[EXTRACTED RECORDS Boundary: Start]

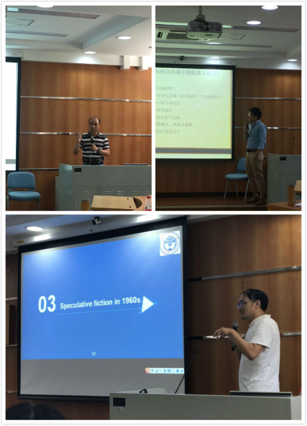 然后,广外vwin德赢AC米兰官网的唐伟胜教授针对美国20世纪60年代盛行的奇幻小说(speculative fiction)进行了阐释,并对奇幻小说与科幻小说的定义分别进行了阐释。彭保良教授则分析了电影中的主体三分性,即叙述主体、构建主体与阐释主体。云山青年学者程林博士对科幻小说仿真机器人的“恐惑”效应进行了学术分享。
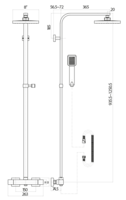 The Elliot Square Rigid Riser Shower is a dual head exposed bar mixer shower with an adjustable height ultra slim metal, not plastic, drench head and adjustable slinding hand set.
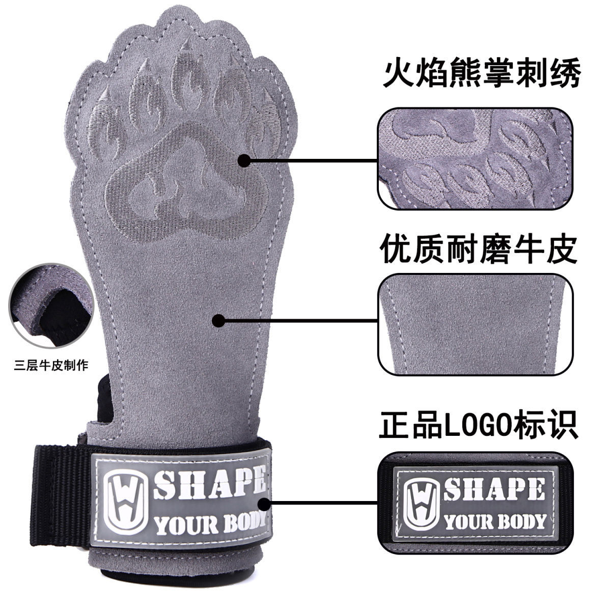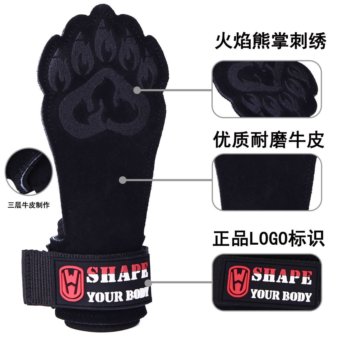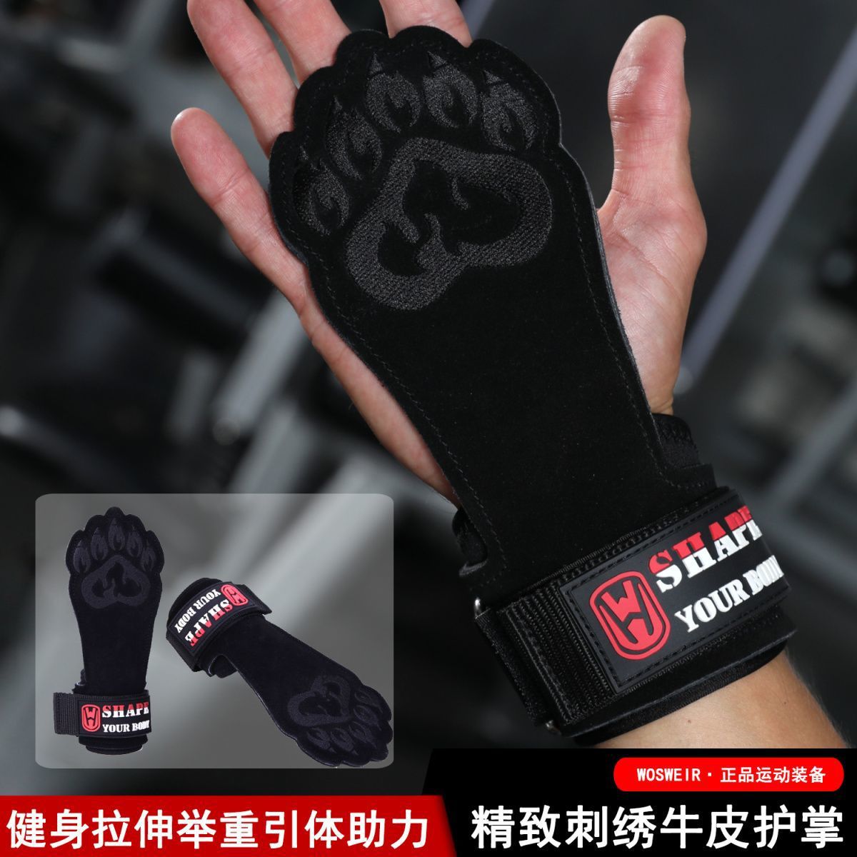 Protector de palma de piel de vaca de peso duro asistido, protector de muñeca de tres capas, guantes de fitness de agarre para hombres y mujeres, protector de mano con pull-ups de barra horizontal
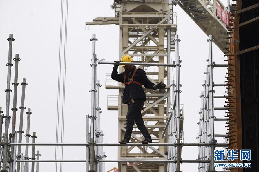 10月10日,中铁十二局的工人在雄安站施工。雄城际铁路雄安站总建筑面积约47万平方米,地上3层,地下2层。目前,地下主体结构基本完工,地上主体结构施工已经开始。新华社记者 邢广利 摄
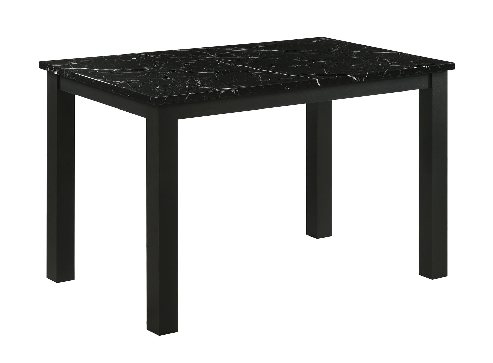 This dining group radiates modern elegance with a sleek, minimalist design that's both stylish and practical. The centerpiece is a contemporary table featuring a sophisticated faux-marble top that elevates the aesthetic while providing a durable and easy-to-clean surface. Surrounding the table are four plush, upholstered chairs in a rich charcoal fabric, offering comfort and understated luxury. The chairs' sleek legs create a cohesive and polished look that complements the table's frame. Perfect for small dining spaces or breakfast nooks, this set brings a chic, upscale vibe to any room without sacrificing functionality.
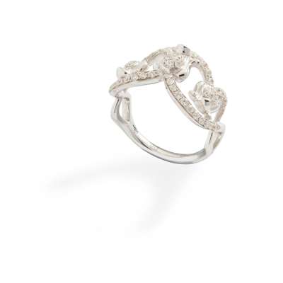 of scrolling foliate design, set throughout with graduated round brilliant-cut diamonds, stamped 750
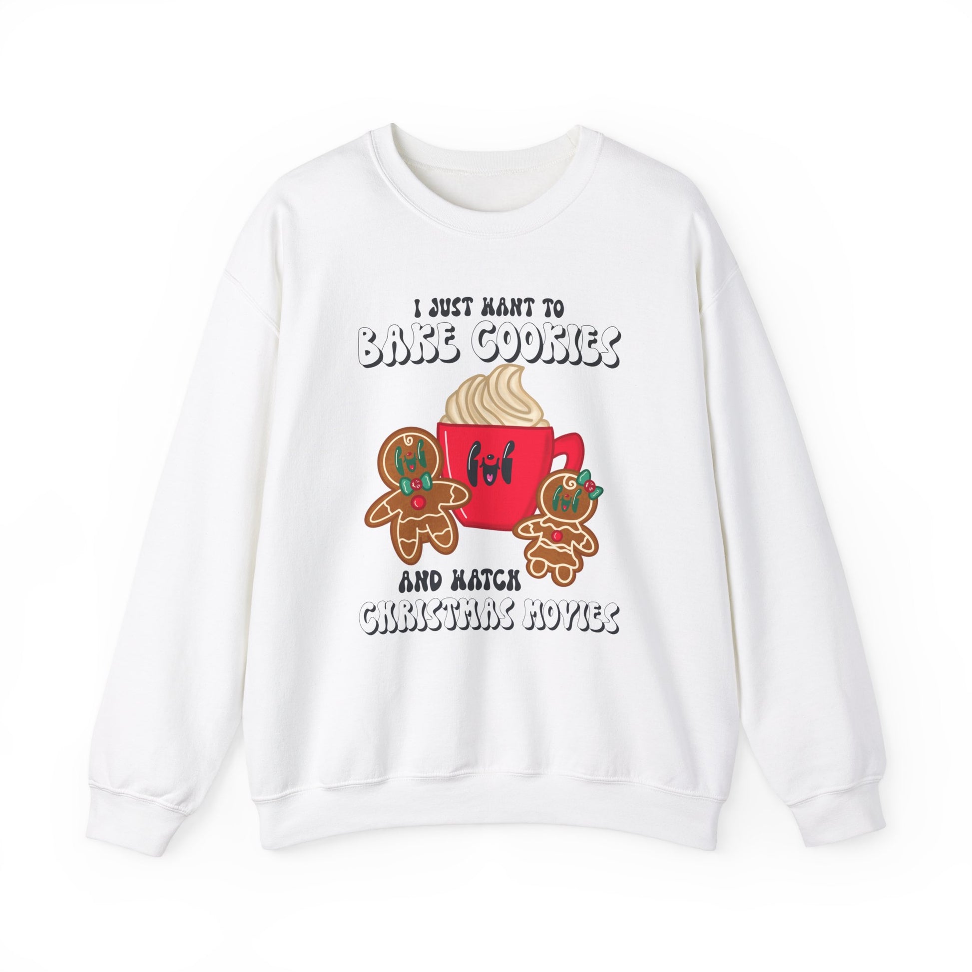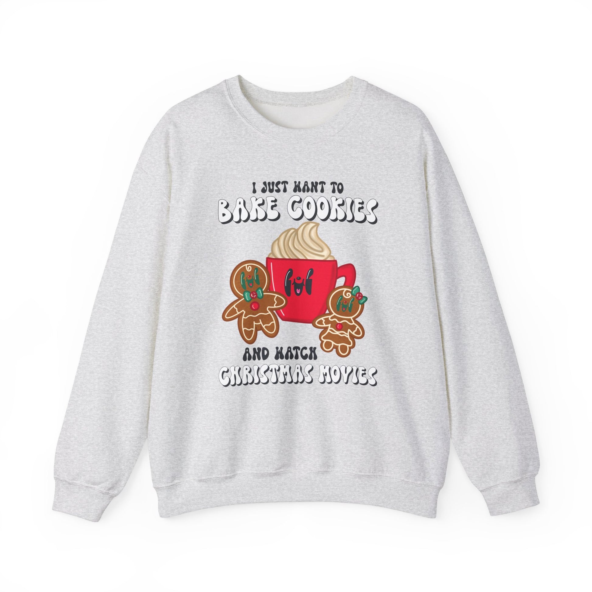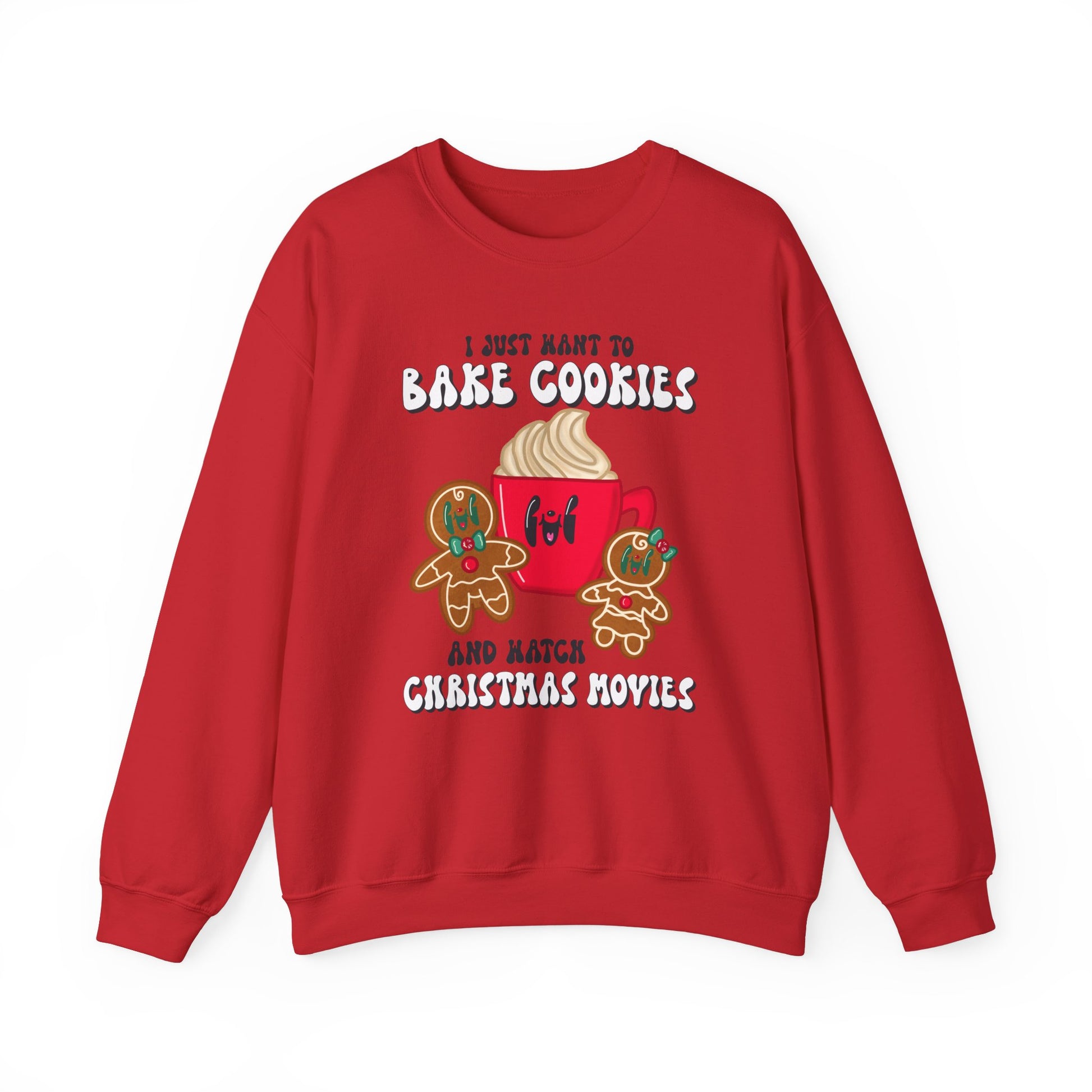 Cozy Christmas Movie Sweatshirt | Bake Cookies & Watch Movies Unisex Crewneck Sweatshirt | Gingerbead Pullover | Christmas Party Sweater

[EXTRACTED RECORDS Boundary: End]

ABOUT THIS TASK: Only the lines from the start of the records to the line with "Protector de palma" belong in the copy. Print them exactly, minus pictures.

RESULT OF THIS TASK:
 然后,广外vwin德赢AC米兰官网的唐伟胜教授针对美国20世纪60年代盛行的奇幻小说(speculative fiction)进行了阐释,并对奇幻小说与科幻小说的定义分别进行了阐释。彭保良教授则分析了电影中的主体三分性,即叙述主体、构建主体与阐释主体。云山青年学者程林博士对科幻小说仿真机器人的“恐惑”效应进行了学术分享。
 The Elliot Square Rigid Riser Shower is a dual head exposed bar mixer shower with an adjustable height ultra slim metal, not plastic, drench head and adjustable slinding hand set.
 Protector de palma de piel de vaca de peso duro asistido, protector de muñeca de tres capas, guantes de fitness de agarre para hombres y mujeres, protector de mano con pull-ups de barra horizontal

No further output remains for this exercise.